The location of pyrene in sodium dodecyl sulfate (SDS) micelles is determined as a function of the aggregation number, N, by exploiting the fact that spin probes 5- and 16-doxyl stearic acid methyl esters (5DSE and 16DSE, respectively) are effective quenchers of pyrene fluorescence. The locations of the two spin probes are known from Part 1 of this series (J. Phys. Chem. B 2006, 110, 9791) and the distance between the probes and pyrene is determined by using a hydrodynamic theory to predict the quenching rate constant. The hydrodynamic theory requires the microviscosity of the regions through which the probe and pyrene diffuse. The same spin probe that serves as quencher provides a measure of the microviscosity; thus, all the information needed to locate pyrene is available from each spin probe. Employing 5DSE, at N = 53, pyrene is found to diffuse through a zone 67% of which lies within the Stern layer and 33% in the core. As the micelle grows, due to increasing either the surfactant or added-salt concentration, this diffusion zone moves outward such that, at N = 130, near the sphere-rod transition, it lies approximately 75% within the Stern layer and 25% in the core. Employing 16DSE, the location of pyrene is within 0.4 A of that found from 5DSE at low values of N and within 0.8 A at high values.
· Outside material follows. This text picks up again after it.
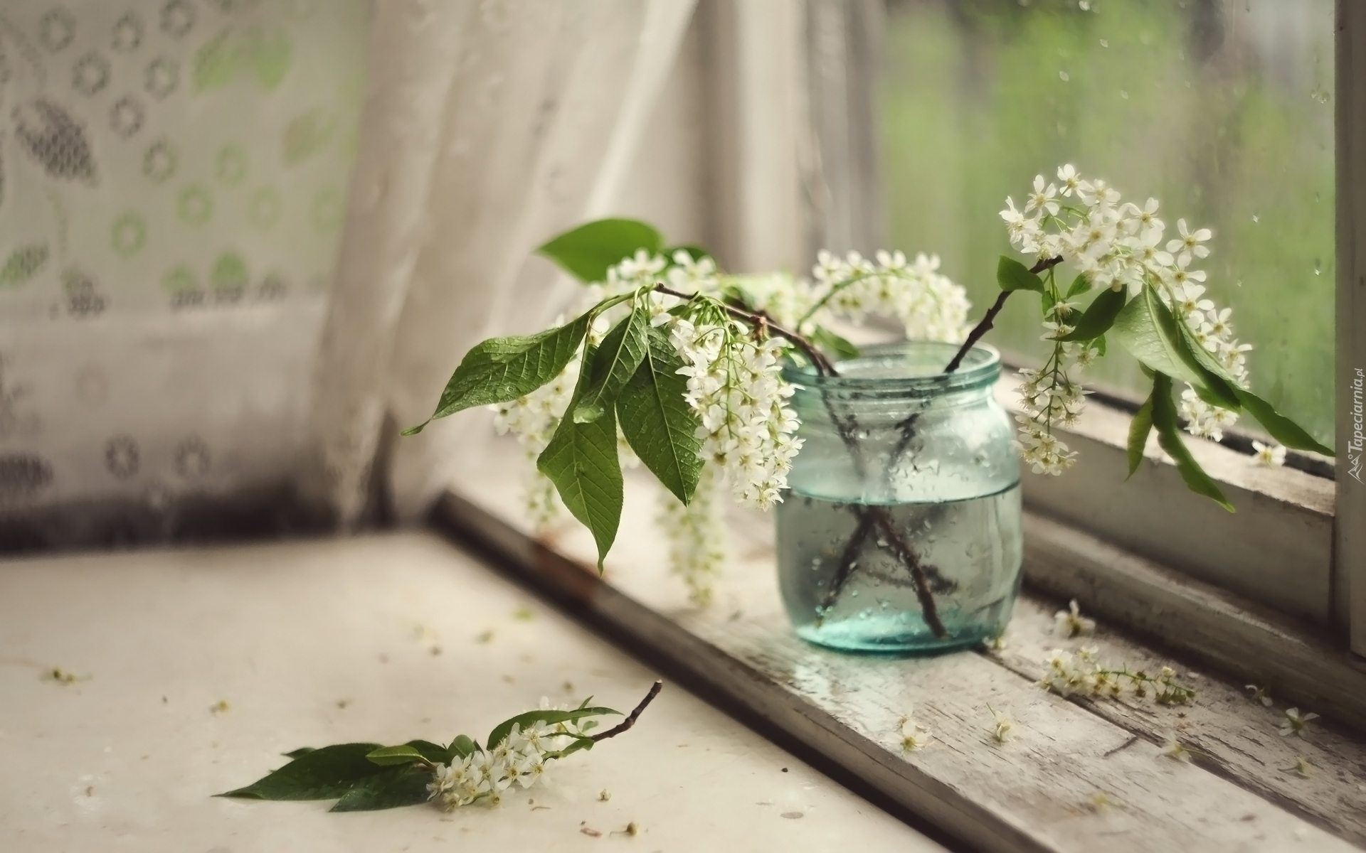 Edytor tapety: Czeremcha w słoiku przy oknie
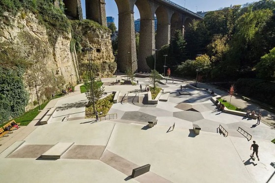 為了使公園充分融入場地所在的歷史環境,滑板設計師對幾何形態重新進行了闡釋,這體現在場地周圍的長凳和臺階上。石墻和長凳的表面被結合為一個整體,使滑板公園的邊界融入了附近建筑物的圍墻。

Full information required to locate pyrene by using the currently developed method is not yet available for other spin probes and other commonly employed quenchers; nevertheless, using a variety of strategies and reasonable assumptions leads to the same location of pyrene within the uncertainties of the method. All of the spectroscopic probes employed in this study are largely located within the polar shell of the micelles, the largest departure being about 4% of the diameter of the micelle.